=== Section Start ===

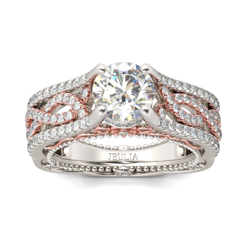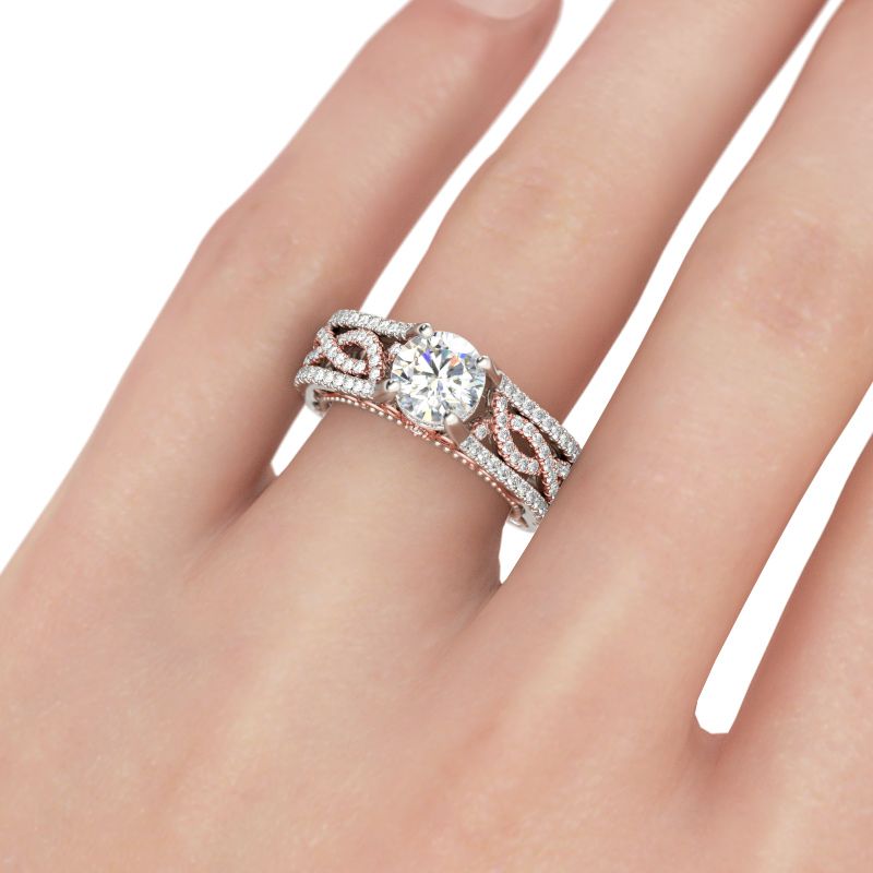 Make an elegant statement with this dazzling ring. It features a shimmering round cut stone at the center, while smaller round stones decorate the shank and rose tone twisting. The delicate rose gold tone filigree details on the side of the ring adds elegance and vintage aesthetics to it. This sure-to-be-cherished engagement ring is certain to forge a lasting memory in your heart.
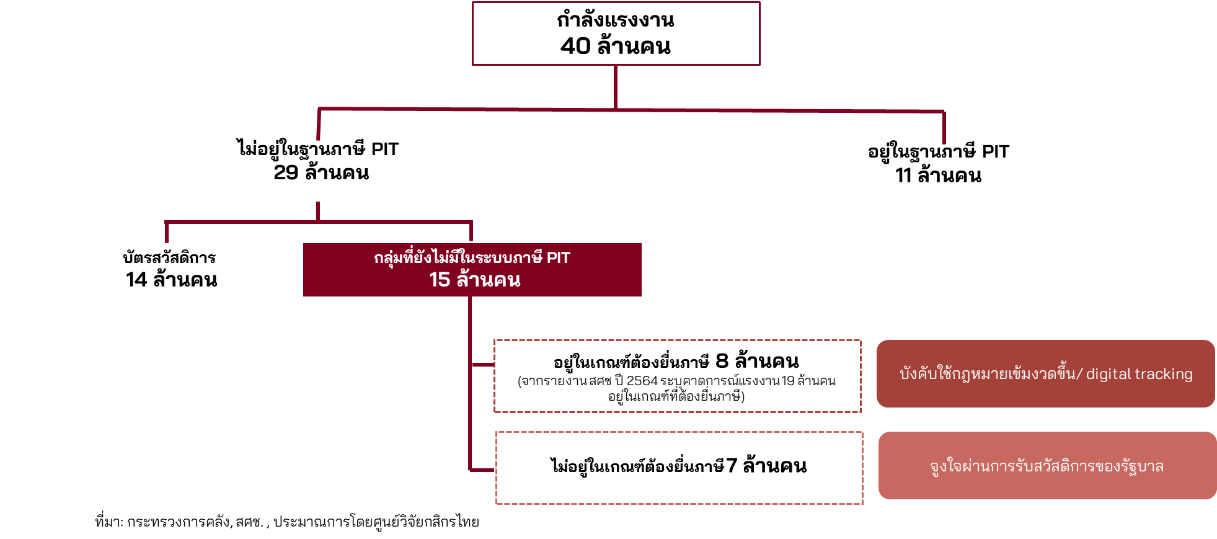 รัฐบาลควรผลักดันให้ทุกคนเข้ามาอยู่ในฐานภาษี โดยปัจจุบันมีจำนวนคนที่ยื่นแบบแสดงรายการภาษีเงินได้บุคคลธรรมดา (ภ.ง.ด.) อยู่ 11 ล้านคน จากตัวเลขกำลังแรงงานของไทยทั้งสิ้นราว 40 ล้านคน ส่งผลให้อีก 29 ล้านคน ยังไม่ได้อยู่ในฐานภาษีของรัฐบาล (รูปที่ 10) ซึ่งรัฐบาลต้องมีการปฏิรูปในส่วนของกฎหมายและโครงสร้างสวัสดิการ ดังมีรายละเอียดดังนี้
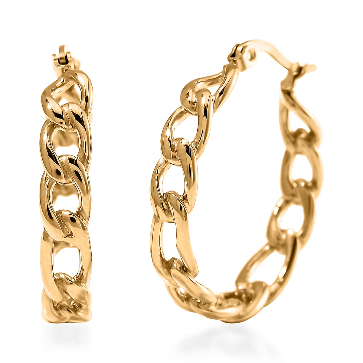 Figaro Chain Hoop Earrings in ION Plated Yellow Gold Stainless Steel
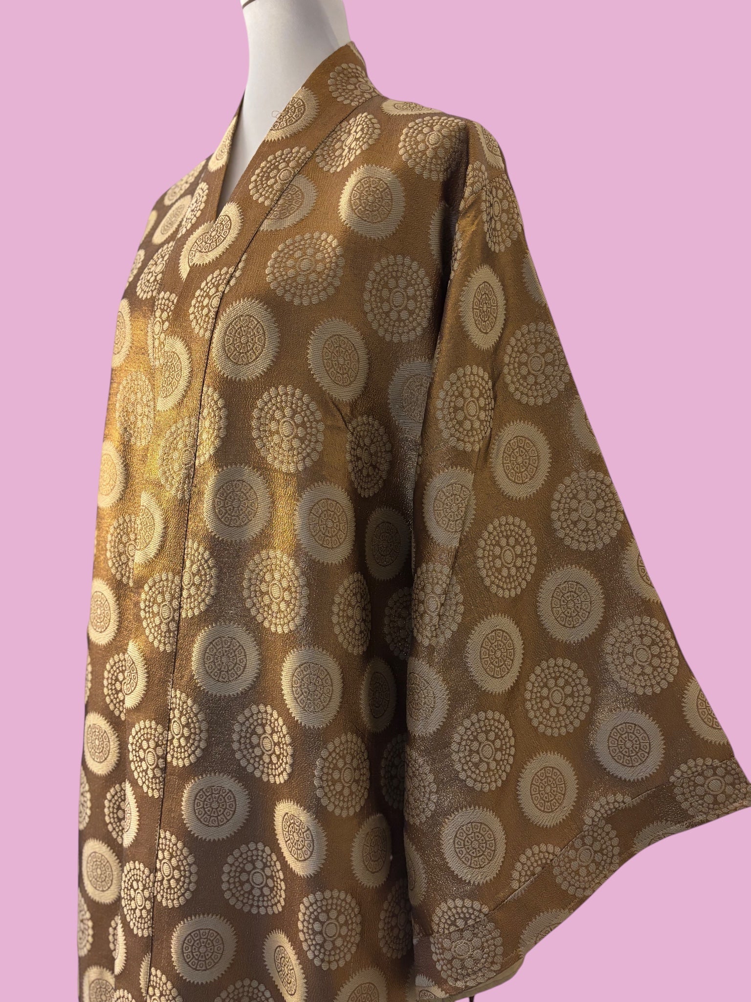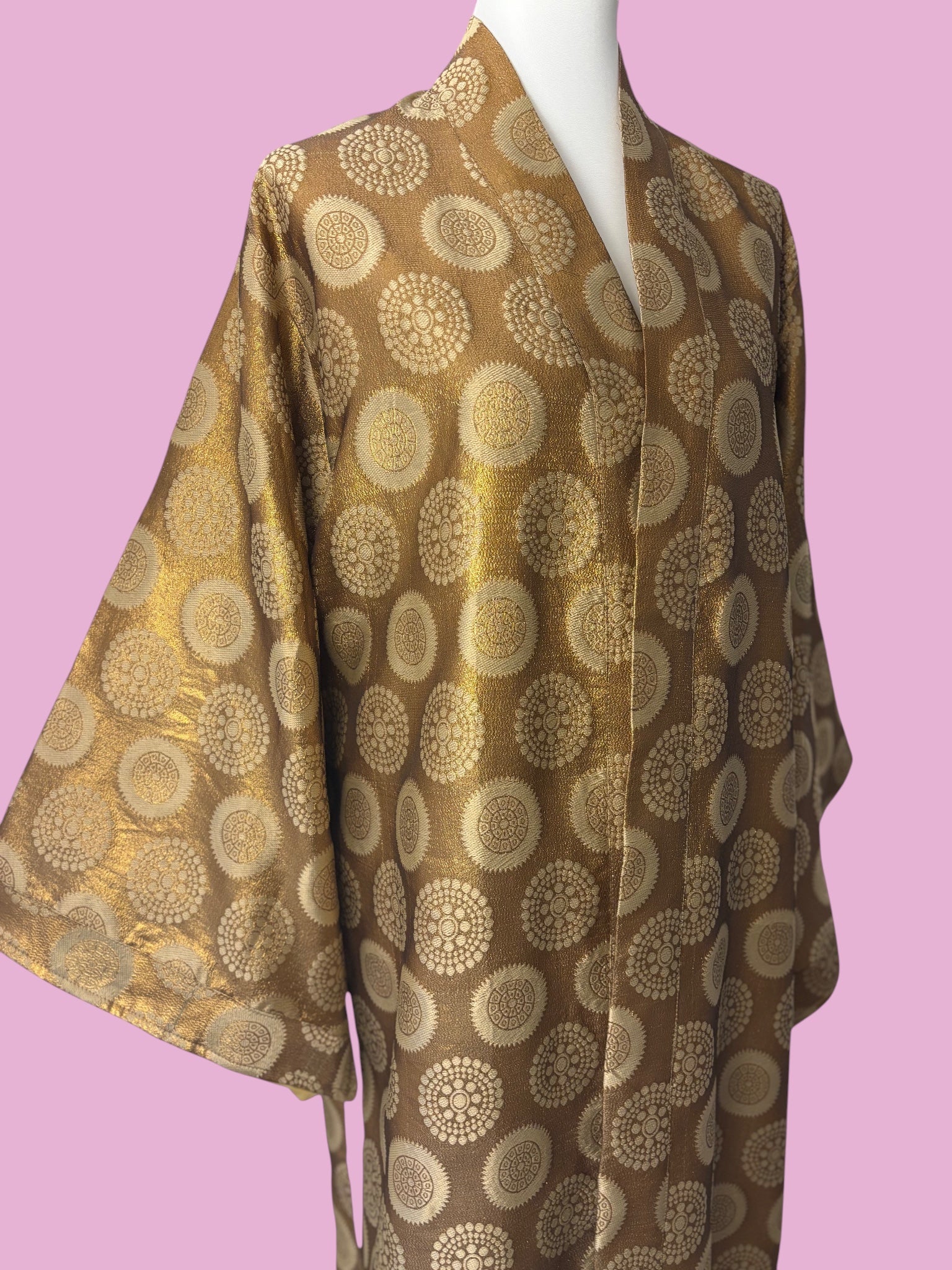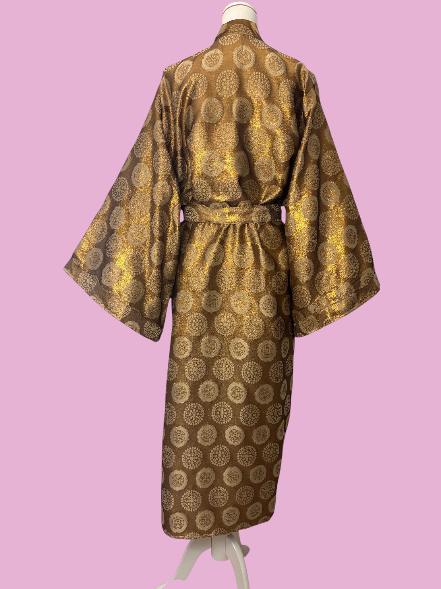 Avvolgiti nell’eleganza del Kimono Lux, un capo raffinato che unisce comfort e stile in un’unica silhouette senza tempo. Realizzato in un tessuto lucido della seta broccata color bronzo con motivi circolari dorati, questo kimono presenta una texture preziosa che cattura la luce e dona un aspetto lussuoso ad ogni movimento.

=== Section End ===

Set the preceding data down again word for word, omitting images.

#### Your response:
 Make an elegant statement with this dazzling ring. It features a shimmering round cut stone at the center, while smaller round stones decorate the shank and rose tone twisting. The delicate rose gold tone filigree details on the side of the ring adds elegance and vintage aesthetics to it. This sure-to-be-cherished engagement ring is certain to forge a lasting memory in your heart.
 รัฐบาลควรผลักดันให้ทุกคนเข้ามาอยู่ในฐานภาษี โดยปัจจุบันมีจำนวนคนที่ยื่นแบบแสดงรายการภาษีเงินได้บุคคลธรรมดา (ภ.ง.ด.) อยู่ 11 ล้านคน จากตัวเลขกำลังแรงงานของไทยทั้งสิ้นราว 40 ล้านคน ส่งผลให้อีก 29 ล้านคน ยังไม่ได้อยู่ในฐานภาษีของรัฐบาล (รูปที่ 10) ซึ่งรัฐบาลต้องมีการปฏิรูปในส่วนของกฎหมายและโครงสร้างสวัสดิการ ดังมีรายละเอียดดังนี้
 Figaro Chain Hoop Earrings in ION Plated Yellow Gold Stainless Steel
 Avvolgiti nell’eleganza del Kimono Lux, un capo raffinato che unisce comfort e stile in un’unica silhouette senza tempo. Realizzato in un tessuto lucido della seta broccata color bronzo con motivi circolari dorati, questo kimono presenta una texture preziosa che cattura la luce e dona un aspetto lussuoso ad ogni movimento.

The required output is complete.